• **GOAL OF THE EXERCISE**: Make an exact copy, from the records below, of the lines from the line containing "Органайзер подвесной с" to the line containing "中旭科创学校的吴俊虹老师基于", both lines included, excluding pictures.

• **INFORMATION**:
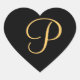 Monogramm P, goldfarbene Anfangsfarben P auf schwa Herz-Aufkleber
---
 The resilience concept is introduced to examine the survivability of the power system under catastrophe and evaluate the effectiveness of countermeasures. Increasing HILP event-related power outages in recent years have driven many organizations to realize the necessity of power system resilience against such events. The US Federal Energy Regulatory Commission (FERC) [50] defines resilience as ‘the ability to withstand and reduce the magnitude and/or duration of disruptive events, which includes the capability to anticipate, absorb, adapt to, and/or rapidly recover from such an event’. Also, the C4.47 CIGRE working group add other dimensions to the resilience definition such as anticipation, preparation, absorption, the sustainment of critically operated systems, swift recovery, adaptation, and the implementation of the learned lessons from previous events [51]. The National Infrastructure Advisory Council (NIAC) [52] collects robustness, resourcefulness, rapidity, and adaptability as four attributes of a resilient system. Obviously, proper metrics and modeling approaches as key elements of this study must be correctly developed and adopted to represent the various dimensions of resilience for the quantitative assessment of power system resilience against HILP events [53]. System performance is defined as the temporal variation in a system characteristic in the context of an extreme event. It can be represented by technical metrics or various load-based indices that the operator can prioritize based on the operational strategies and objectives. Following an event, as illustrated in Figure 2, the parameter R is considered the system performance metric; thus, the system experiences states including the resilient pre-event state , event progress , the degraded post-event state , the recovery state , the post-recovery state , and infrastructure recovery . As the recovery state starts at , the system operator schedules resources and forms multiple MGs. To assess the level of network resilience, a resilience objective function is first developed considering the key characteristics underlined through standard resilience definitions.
--
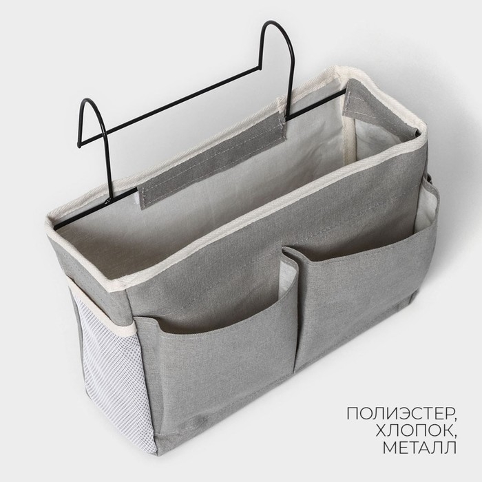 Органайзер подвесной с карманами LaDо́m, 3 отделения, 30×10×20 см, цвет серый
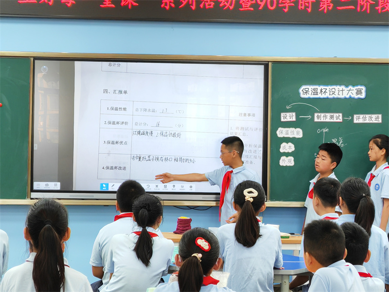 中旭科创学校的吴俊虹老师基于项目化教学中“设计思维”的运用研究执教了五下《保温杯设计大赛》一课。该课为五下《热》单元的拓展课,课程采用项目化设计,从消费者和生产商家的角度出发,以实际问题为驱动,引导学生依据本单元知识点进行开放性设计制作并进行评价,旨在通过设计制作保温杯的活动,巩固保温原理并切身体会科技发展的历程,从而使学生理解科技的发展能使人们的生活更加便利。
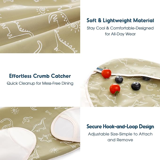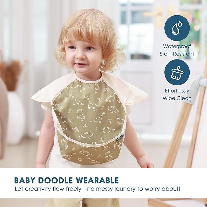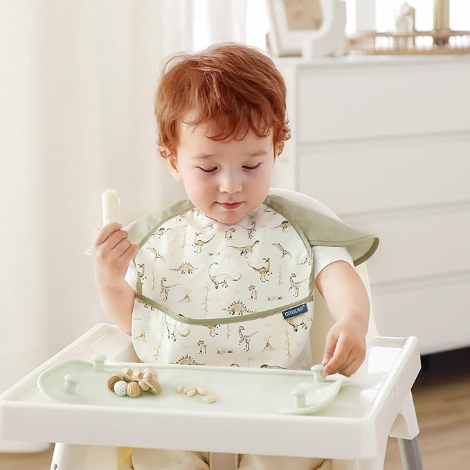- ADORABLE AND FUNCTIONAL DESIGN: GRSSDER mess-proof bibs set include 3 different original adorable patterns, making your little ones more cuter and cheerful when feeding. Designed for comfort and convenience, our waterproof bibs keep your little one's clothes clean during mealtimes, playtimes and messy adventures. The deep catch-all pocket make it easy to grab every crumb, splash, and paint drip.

• **ANSWER TO THE PROBLEM**:
 Органайзер подвесной с карманами LaDо́m, 3 отделения, 30×10×20 см, цвет серый
 中旭科创学校的吴俊虹老师基于项目化教学中“设计思维”的运用研究执教了五下《保温杯设计大赛》一课。该课为五下《热》单元的拓展课,课程采用项目化设计,从消费者和生产商家的角度出发,以实际问题为驱动,引导学生依据本单元知识点进行开放性设计制作并进行评价,旨在通过设计制作保温杯的活动,巩固保温原理并切身体会科技发展的历程,从而使学生理解科技的发展能使人们的生活更加便利。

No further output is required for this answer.